How to install Mellanox driver

Environment

Kernel version: 4.18.14, Ubuntu 18.04.1 LTS (4.18 kernel is not supported officially. Driver need to be modified to coincide with the kernel modification.)

Kernel version: 4.15, Ubuntu 18.04.1 LTS

MLNX driver: MLNX_OFED_LINUX-4.4-2.0.7.0-ubuntu18.04-x86_64

Prerequisites

Refer to: https://docs.mellanox.com/display/MLNXOFEDv451010/Supported+Platforms+and+Operating+Systems

In ubuntu 18.04,

sudo apt-get install perl dpkg autotools-dev autoconf libtool make1.10 automake m4 dkms debhelper tcl tcl8.5 chrpath swig graphviz tcl-dev tcl8.5-dev tk-dev tk8.5-dev bison flex dpatch zlib1g-dev curl libcurl4-gnutls-dev python-libxml2 libvirt-bin libvirt0 libnl-3-dev libglib2.0-dev libgfortran3 automake m4

Kernel Compile

  1. The kernel should be compiled on its root path so that drivers can be installed with their Makefiles later.
  1. sudo make menuconfig
  2. sudo make -j8
  3. sudo make modules_install
  4. sudo make install
  1. Reboot to the new kernel.

Install MLNX_OFED driver

  1. Download driver from the http://mellanox.com/page/products_dyn?product_family=26&mtag=linux_sw_drivers 
  2. Install as below. (In the case of Ubuntu)
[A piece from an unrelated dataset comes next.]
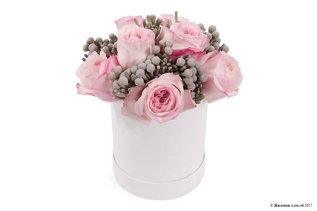 Состав: Роза пионовидная - 9Сильвер бруния - 1 Коробка круглая 14х15 (белая) - 1 |
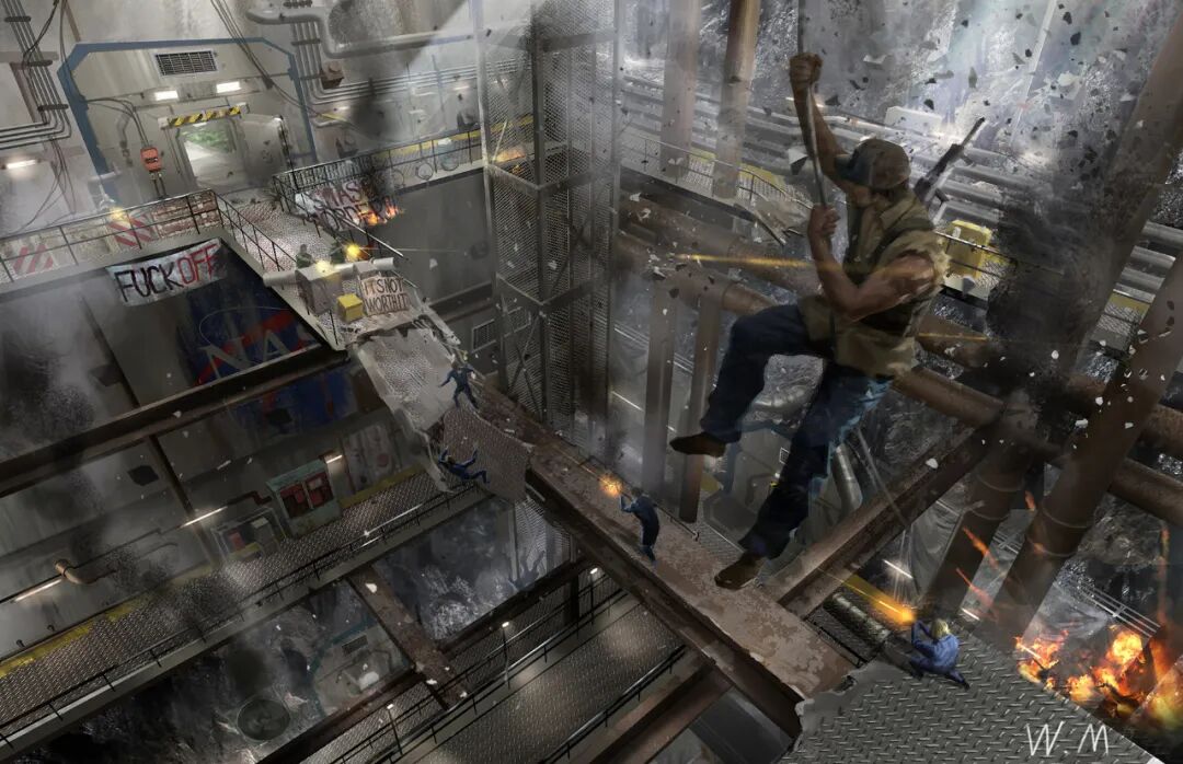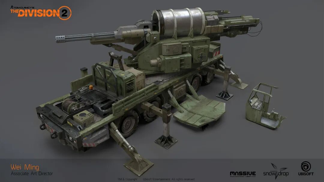 18年我申请加入了《全境封锁2》项目,主要工作是道具原画的外包管理,内容包含所有种类的概设,每一件道具背后都要做大量研究,这是个难度极高压力极大的项目,我要保证团队中所有人都达到连我自己都觉得很吃力的水平,经常加班到深夜。好处是对设计的理解以十倍速度突飞猛进,坏处是完全没机会自己创作,这时候非常庆幸大学里学的非常驳杂,使我可以随时切换审美和工作流程,无论要求怎么变都不会卡壳。

./mlnxofedinstall --without-dkms --add-kernel-support --kernel `uname -r` --without-fw-update --force

Other References

Troubleshooting (using kernel 4.18)

Prob) Some error occurs during kernel “make install” like the following screen capture.
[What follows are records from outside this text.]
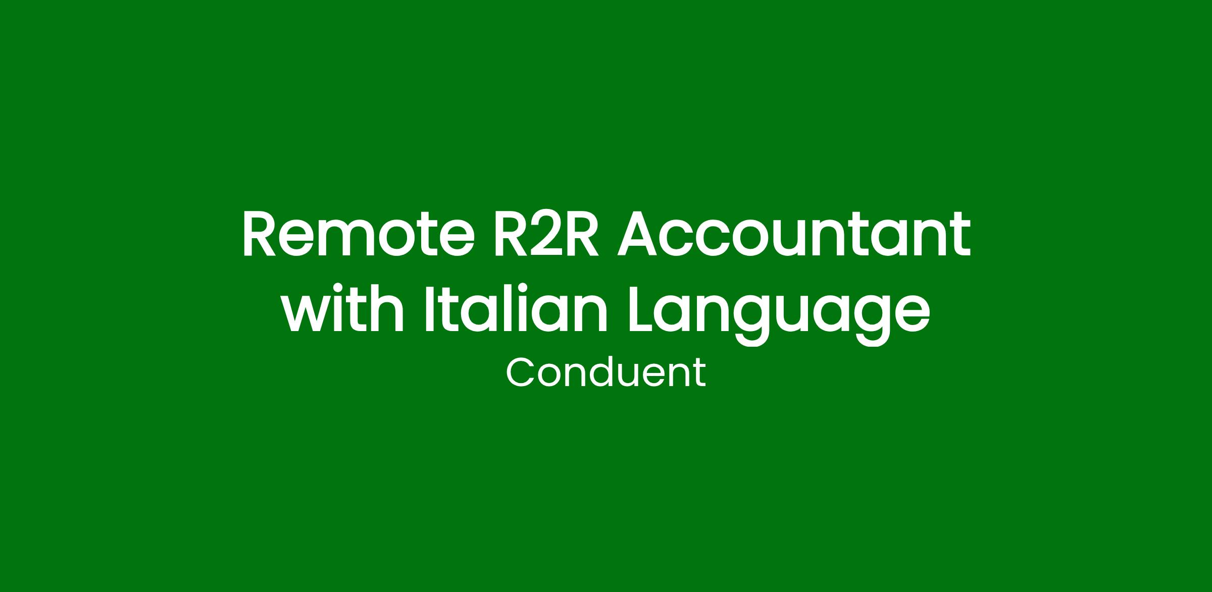 DescriptionWe are excited to announce that our team is expanding, and we are looking to hire talented individuals to join us. Currently, we are seeking an Remote R2R Accountant/Accounting Analyst with Italian Language (R2R) to support our growing operations. If you are detail-oriented and fluent in Italian, this could be a great opportunity to advance your career with us!
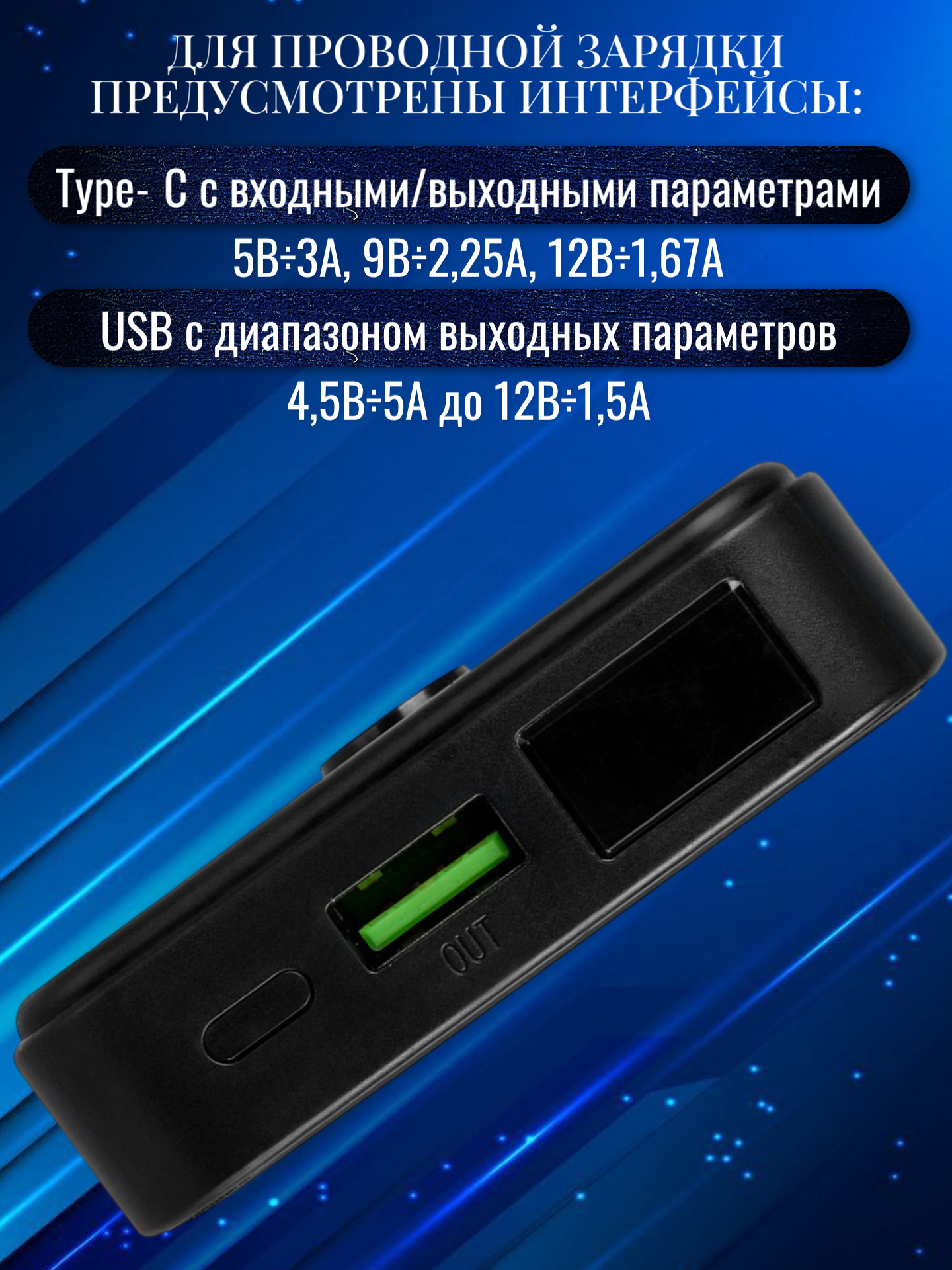 Ёмкость аккумулятора составляет 10000 ман, что позволяет многократно подзаряжать смартфон в течение дня. Беспроводная зарядка поддерживает мощность до 15 Вт, обеспечивая достаточно быструю подпитку устройства. Для проводной зарядки предусмотрены интерфейсы: Type‑C с входными/выходными параметрами 5В÷3А, 9В÷2,25А, 12В÷1,67А и USB с диапазоном выходных параметров от 4,5В÷5А до 12В÷1,5А.
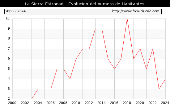 el numero de habitantes en La Sierra Estronad era de 4, 1 habitantes mas que el en el año 2023. En el grafico siguiente se puede ver cuantos habitantes tiene La Sierra Estronad a lo largo de los años.
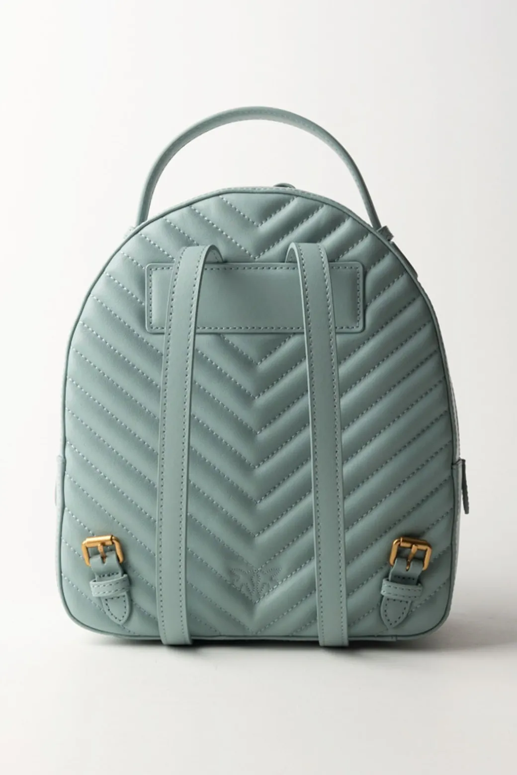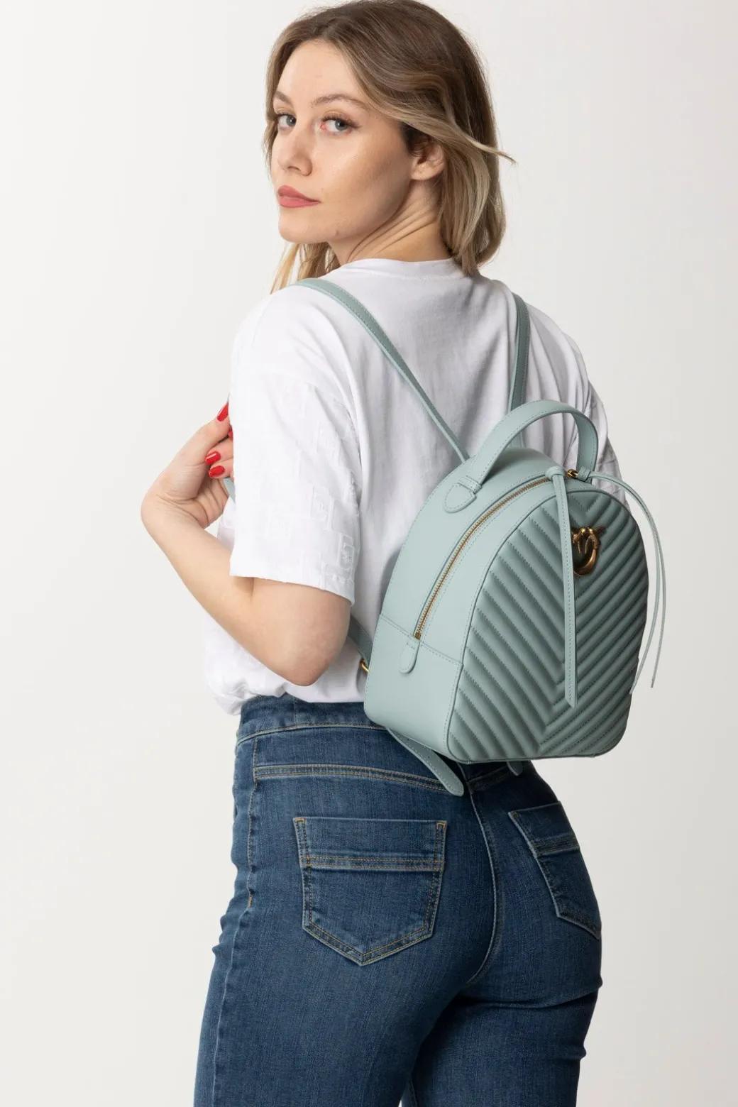 Zainetto Pinko pronto per essere il tuo compagno fidato di stile negli impegni quotidiani o nelle occasioni off-duty. Realizzato in pelle liscia con effetto trapuntato motivo chevron, è illuminato dall’iconica fibbia Love Birds sul davanti e corredato sia da manico che da bretelle per portarlo come vuoi tu.
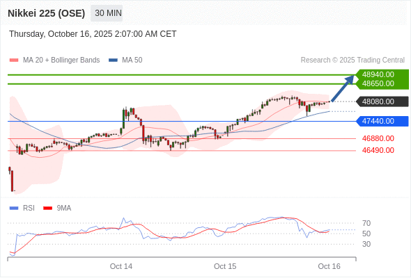 在 47440.00 之上,看涨,目标价位为 48650.00 ,然后为 48940.00 。

Sol) Remove MLNX_OFED -> update kernel (kernel install) -> reinstall MLNX_OFED

Prob)

/tmp/MLNX_OFED_LINUX-4.4-2.0.7.0-4.18.14/mlnx_iso.3007/mlnx-ofed-kernel/mlnx-ofed-kernel-4.4/drivers/scsi/scsi_transport_srp.c: In function 'srp_timed_out':
/tmp/MLNX_OFED_LINUX-4.4-2.0.7.0-4.18.14/mlnx_iso.3007/mlnx-ofed-kernel/mlnx-ofed-kernel-4.4/drivers/scsi/scsi_transport_srp.c:640:24: error: 'BLK_EH_NOT_HANDLED' undeclared (first use in this function); did you mean 'BLK_EH_DONE'?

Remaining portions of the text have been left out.